In Sahota v Prior and another [2019] EWHC 1418 (Ch); [2019] PLSCS 119, the High Court was asked to determine whether a landlord who acquired her tenants’ property through a sale and rent back transaction was estopped from asserting any right to possession of the property, save in circumstances of non-payment of rent, during the tenants’ lifetime.
The transaction
Michael and Lesley Prior had resided in their home for 35 years. They fell into financial difficulties, resulting in steps being taken to repossess their home. They saw an advert in The Sun newspaper placed by a business called Red 2 Black, which offered a sale and rent back scheme. The Priors believed it was a solution to their problems.
They were visited in their home by Ms Dhillan, a director of Red 2 Black. She gave assurances that, as long as the Priors paid their rent, they could live in the property for the remainder of their lives. She also represented that Red 2 Black would be liable for repairs to the property.
The Priors executed a TR1 form of transfer in blank, with the transferee unidentified. They signed a five-year fixed-term assured shorthold tenancy agreement commencing on 9 December 2010. The tenancy agreement was signed on behalf of the landlord by its stated agent, Red 2 Black. When the Priors queried the length of the tenancy agreement, they were reassured it was simply to ensure they paid the rent.
Unbeknown to the Priors, the completed TR1 identified Ms Sahota as the transferee. She, therefore, became their landlord. Sahota was Dhillan’s sister-in-law. Dhillan had informed Sahota of the investment opportunity and made all the arrangements on her behalf. The Priors were only informed that their property was valued at £90,000, when the actual figure was £130,000.
In 2012, the Priors discovered the fraudulent activities of the directors of Red 2 Black. Subsequently, they were contacted by Sahota who repeated Dhillan’s assurances. Yet, on expiry of the Priors’ fixed-term tenancy, Sahota commenced possession proceedings under section 21 of the Housing Act 1988.
First instance
Judge Hampton dismissed Sahota’s claim. She found that Sahota was estopped from asserting any right to possession of the property, save for non-payment of rent, during the Priors’ lifetime or for as long as they wished to reside in the property.
Red 2 Black had acted as Sahota’s agent. She was, therefore, bound by its unequivocal representations. The Priors had reasonably acted on the representations made and executed in the TR1. They had suffered detriment because the sale of their property was at an undervalue and they had incurred costs in repairing the property.
Agency
Sahota appealed.

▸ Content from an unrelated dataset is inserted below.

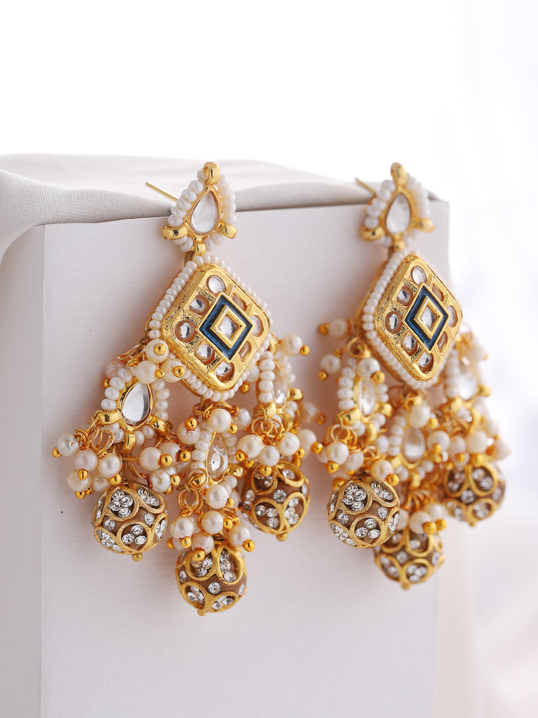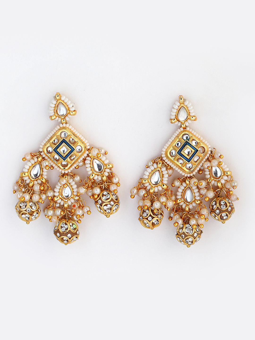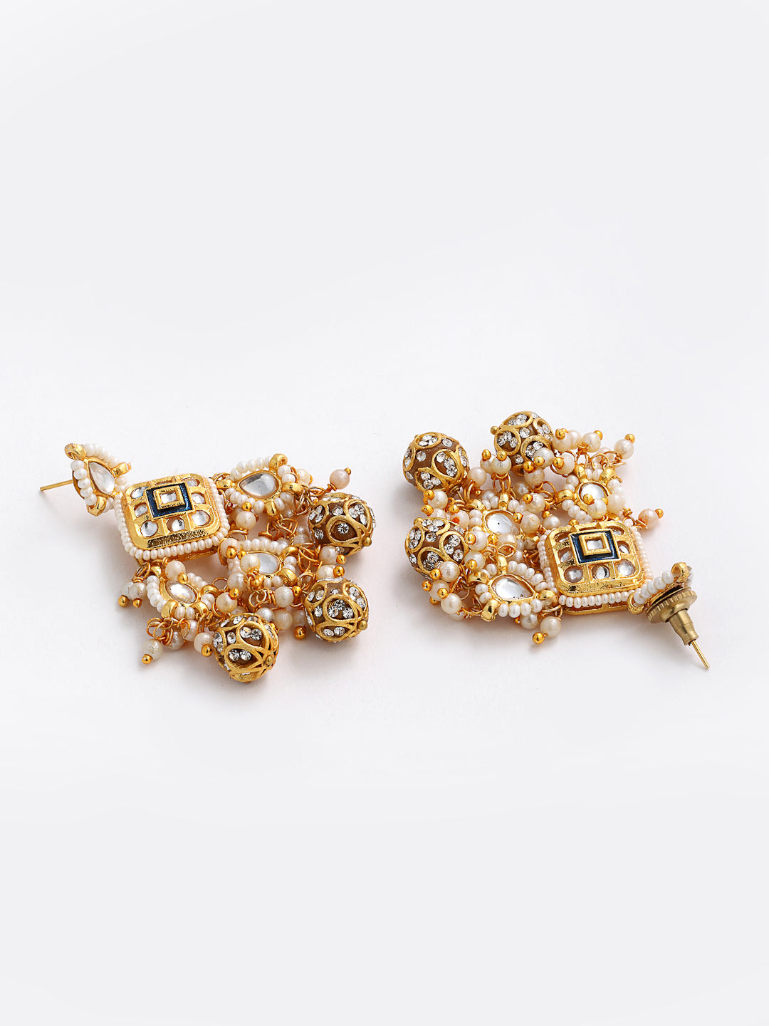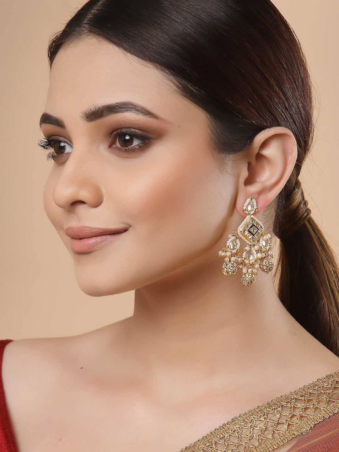 Gold And White All Time Favorite Color, The Earring Must For Any Occasion To Make U Beautiful Smart And Sunshine All Along With These Earrings.; Category Of Jewellery Is Earring; Sub Category Is Drop; Ideal For Women; Color Is Gold, White; Gemstones Used - Kundan, Pearls, Natural Stones, American Diamond; Plating Is Gold-Plated; Base Metal Is Alloy; Other Material Used - Closure Stopper; Size Is Freesize; Adjustable - No; Weight Is 27 Gms; Mesaurements - Length Of Earring= 6.3 Cm; Width Of Earring =8 Cm; Adjustable - No; Content 1 Pair Earring

She argued that Red 2 Black was not her agent and she had no knowledge of the representations made. Additionally, she argued that section 2 of the Law of Property (Miscellaneous Provisions) Act 1989 (the 1989 Act) did bar the Priors’ proprietary estoppel defence. Unsurprisingly, Falk J gave short shrift to Sahota’s contention that Red 2 Black had not acted as her agent.
She found that Judge Hampton had been entitled to reach that conclusion based on the facts. The close family connection between Sahota and the directors of Red 2 Black coupled with the role of Dhillan in making all the arrangements for Sahota gave rise to an agency. Additionally, on Sahota’s own evidence, Red 2 Black had signed the tenancy agreement as her agent.

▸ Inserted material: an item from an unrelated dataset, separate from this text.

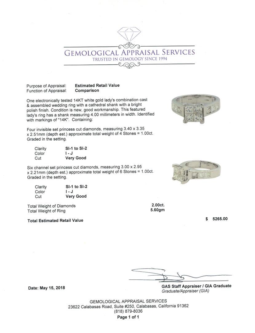 One electronically tested 14KT white gold lady's combination cast & assembled wedding ring with a cathedral shank with a bright polish finish. This featured lady's ring has a shank measuring 4.00 millimeters in width. Identified with markings of '14K'. Condition is new, good workmanship. Containing: Four invisible set princess cut diamonds, measuring 3.40 x 3.35 x 2.51mm (depth est.) approximate total weight of 4 Stones = 1.00ct. Graded in the setting. Color I - J Clarity SI-1 to SI-2 Cut Very Good Six channel set princess cut diamonds, measuring 3.00 x 2.95 x 2.21mm (depth est.) approximate total weight of 6 Stones = 1.00ct. Graded in the setting. Color I - J Clarity SI-1 to SI-2 Cut Very Good. Total Weight of Diamonds 2.00ct.. Total Weight of Ring 5.60gm GAS Appraised at $5265.00. GAS Appraised.

Falk J also found Sahota could not deny knowledge of the representations made by Dhillan. By reason of her conduct, Sahota had given the appearance that Red 2 Black and Dhillan had full authority to act on her behalf.
Section 2 and estoppel
Pursuant to section 2 of the 1989 Act, a contract for the sale or other disposition of an interest in land is rendered void if it is not in writing or does not incorporate all the terms expressly agreed (subject to irrelevant exceptions).
Relying on Yaxley v Gotts [2000] Ch 162 and Cobbe v Yeoman’s Row Management Ltd [2008] 3 EGLR 311, Sahota argued that for public policy reasons, proprietary estoppel could not be used to make an agreement enforceable, which section 2 of the 1989 Act had declared void. The Priors’ proprietary estoppel defence was therefore barred.
As in Cobbe, Sahota argued that the parties in the present case were dealing in a commercial arm’s length transaction. Any terms that they had relied on should have been incorporated into the contract. Allowing a defence of proprietary estoppel to succeed would harm the policy reasons behind section 2.
In dismissing this ground of appeal, Falk J commented that, factually, it was difficult to categorise the transaction between the parties as an arm’s length commercial transaction. The Priors were not business people and their transaction was domestic in nature.
Section 2 of the 1989 Act only rendered void contracts for the sale or other disposition of land that did not comply with its stated requirements. Both the TR1 and tenancy agreement were actual dispositions and not contracts for the sale or other disposition of land. The Priors were not trying to enforce a contract for the sale or other disposition of land, but merely seeking to rely on the representation made to the effect that they would not be evicted during their lifetime if they paid their rent.
Although it was correct that proprietary estoppel could not be used to avoid the effect of section 2, it did not prohibit other legal consequences from attaching to the circumstances surrounding any such transaction.